Староста пригладил растрепанную шевелюру и кивком пригласил путников зайти.

Вскоре по дому загрохотали башмаки многочисленных посетителей. О страшной находке решили известить выездного судью, ныне пребывавшего в Веенпарке. До той поры покойника условились не хоронить и спрятали тело в погреб.

С опросом получилось сложнее — деревня была большая, и организовать народ, уже занятый работами в яблоневых садах, окружающих селение, быстро не получилось. Лишь к обеду выработалась хоть какая-то система: отобрали десяток ловких парней и пустили их по дворам.

Но первый результат пришел не от них. Старый Грижмор, отпросившись пропустить кружечку-другую в трактире, вскоре вернулся, запыхавшись, вместе с хозяином заведения, молодым еще мужиком, кривым на правый глаз.

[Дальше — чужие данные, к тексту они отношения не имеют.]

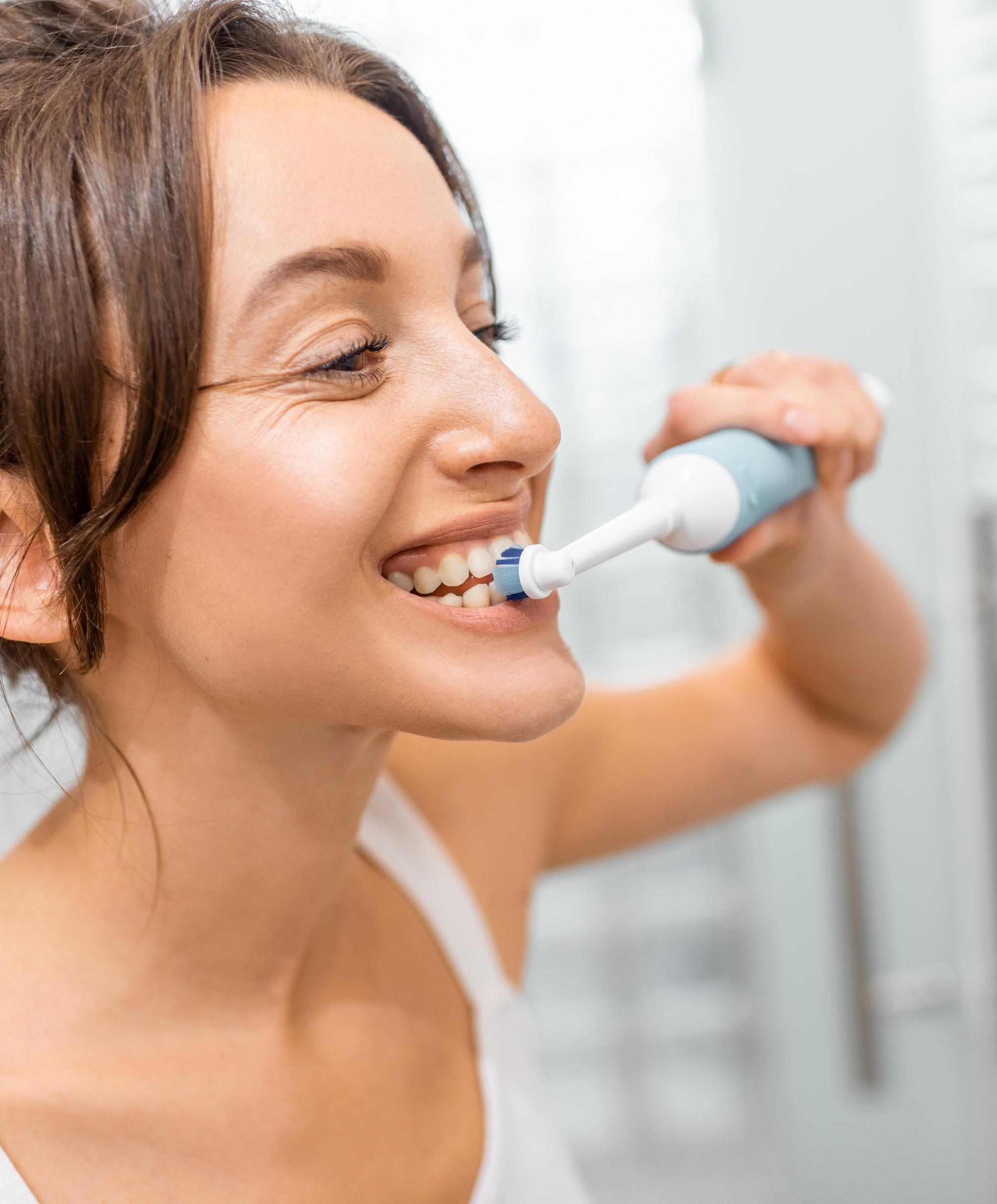 Electric toothbrushes deliver thousands of movements per minute, removing plaque more effectively than manual brushes, especially along the gumline, for healthier teeth and gums.

— Говорит, видел красную шляпу! — с порога выпалил старик.

Ольга, все это время задумчиво простоявшая у окна, резко повернулась к пришедшим.

— Говори, Стефан, — потребовал староста.

— Да что говорить-то… — трактирщик замялся. — Поздно было, я закрывался уже. Он вошел, спросил кружку пива и постель. Ну, пива-то я ему налил, а постель стелить не стал, больно вид у него был…того… Ну, бродяга в общем. Откуда ж у такого деньги? А мне белье свежее жаль… Короче, не пустил я его. Разрешил в конюшне переночевать. Так он мне, подлец, в отместку кучу медяков насыпал, — мужик с досадой вынул из кармана кожаного фартука горсть тусклых монет. — А утром уже и след его простыл.

— У него было с собой оружие? — спросила Ольга.

— Да какое там оружие, госпожа, — рассмеялся трактирщик. — Палка была. Ну, вроде посоха, на конце заостренная. Конечно, ежели чего, то и такой можно хорошенько отдубасить. Но меча или что еще вы имеете в виду, у него точно не было.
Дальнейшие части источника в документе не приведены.